Food Security Bill (“Bill”) to be introduced in Parliament
The Bill has received Cabinet approval and is to be presented to the Parliament at its current session in December 2011. Once the law is implemented, the food subsidy bill is expected to rise by Rs 27,663 crore at nearly Rs 95,000 crore, while food grains requirement would go up to 61 million tonnes from 55 million tonnes, as per the Cabinet proposal. The Bill provides that that the government would reimburse the states in case there is any shortage of food grains due to fall in production caused by natural calamities such as drought and floods. Where food grain or meals are not provided to entitled persons, the concerned State would be required to provide “food security allowance” in terms of monetary compensation. Further, a three tier grievance redressal mechanism has also been provided for under the Bill to deal with issues related to enforcement of entitlements. The Bill stipulates a penalty up to Rs 5,000 on public servants or authority if found guilty of non-compliance.

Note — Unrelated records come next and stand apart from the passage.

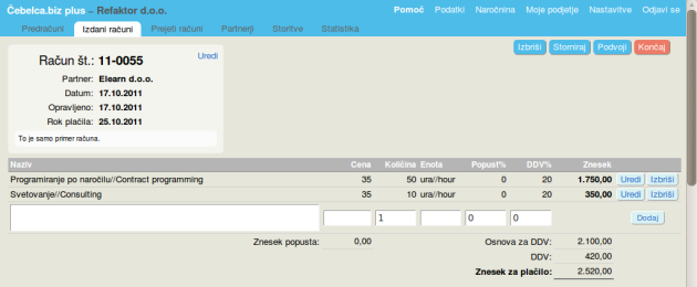- Kako vnesti storitve, ki bodo na računu?
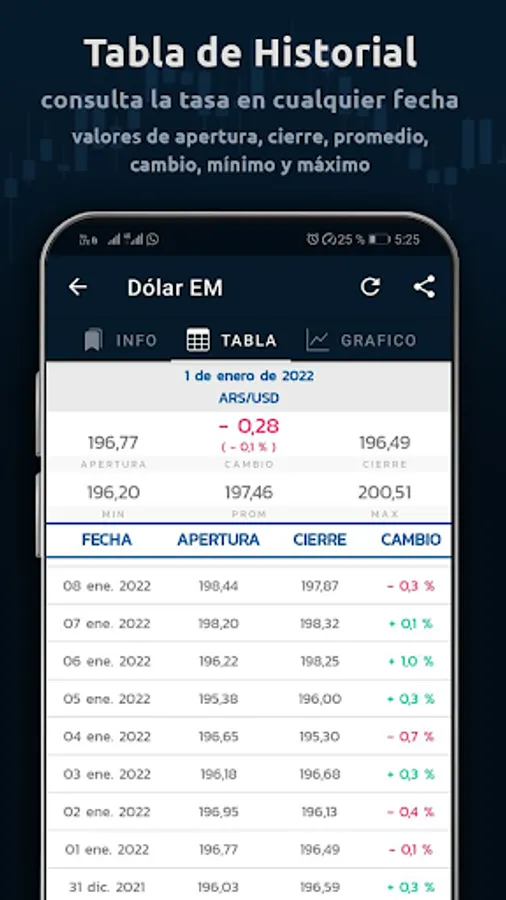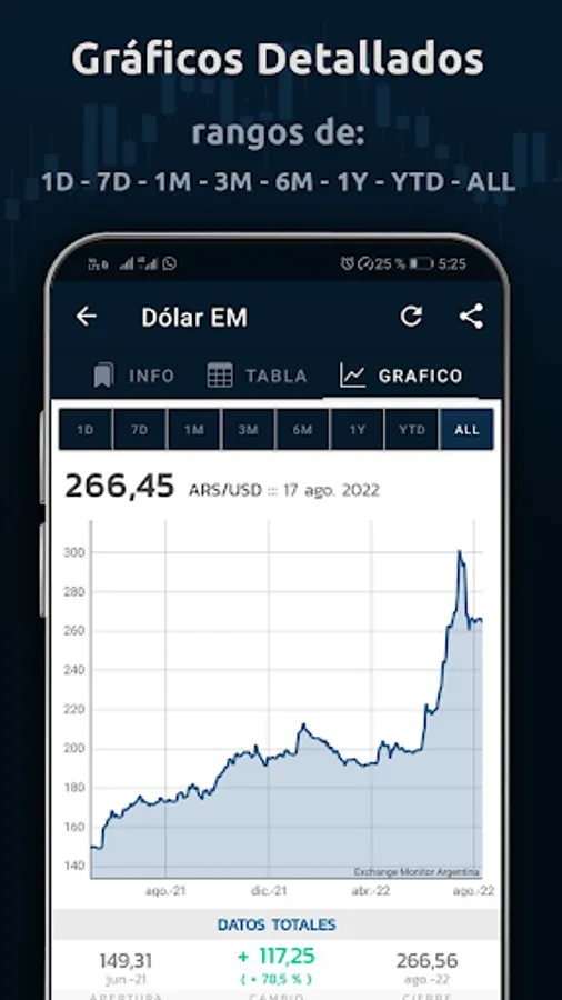 ⭐ Know the daily history and detailed graphs of any reference (dollar in Argentina, currency or cryptocurrency) in an interactive interface that allows you to quickly visualize the required rate or reference in a short time.
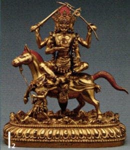 Tutelary goddess Sridevi, China, Ming Dynasty, Yongle period, 1403-1424. Copper, fire-gilded, part color painted
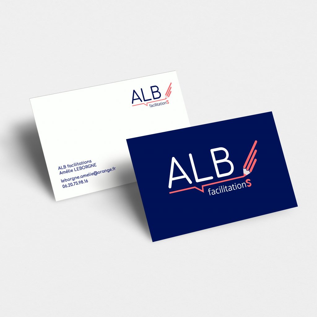 Création d’un logo décliné en plusieurs couleurs pour ALB facilitations, agence en facilitation graphique en Bretagne.
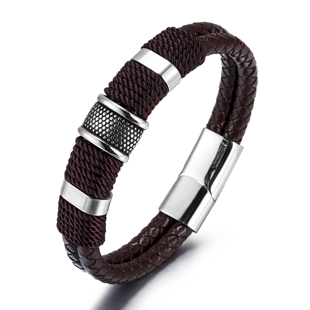 Çift Katmanlı Kahverengi Deri Halat ve Siyah 316L Kalite Çelik Mekanizmalı Avangart Erkek Bileklik

PSA view 2011 – The year 2011 has seen rapid development of regulations in food and pharma sector with several more in the pipeline. The Biomedical Research Bill, Transplantation of Human Organs and Tissues Act, Task force to develop software for drug manufacturing & tracking system, Drugs and Cosmetics (First Amendment) Rules, NAC-SCRT revising the stem cell research guidelines, reward scheme for whistle blowers, legislation to regulate fertility clinics and policy to curb imported drug prices are some of the regulatory changes in the offing. Specifically, the measure by the DGCI for auditing the CRO is a beneficial step in ensuring that innocent and illiterate individuals are not taken advantage of and compliance with the consent and ethical requirements for clinical trials under the Act and corresponding Rules are met. The DGCI should implement stringent compliance requirements, especially in clinical trials as India is seen as a viable and relatively cheap market for conducting clinical trials due to its vast population, and to a certain extent, lack of education amongst a majority of the populations.
The food sector is also streamlining itself to the changing needs of the industry with Food Safety and Standards Rules, 2011 and the Food Safety and Standards Regulations 2011. The Food Safety and Standards Authority of India is constantly laying down science based standards for articles of food. While the intention of the latest Bill is clear and necessary, and the fact that it provides consideration for special groups such as women, children, destitute and people affected by natural disasters, considering the insurmountable fiscal implications, it remains to be seen whether implementation of the Bill would actually provide any respite. Hopefully, we will enter the new year with the needs of the citizens below poverty line and destitute citizens been addressed under the Bill.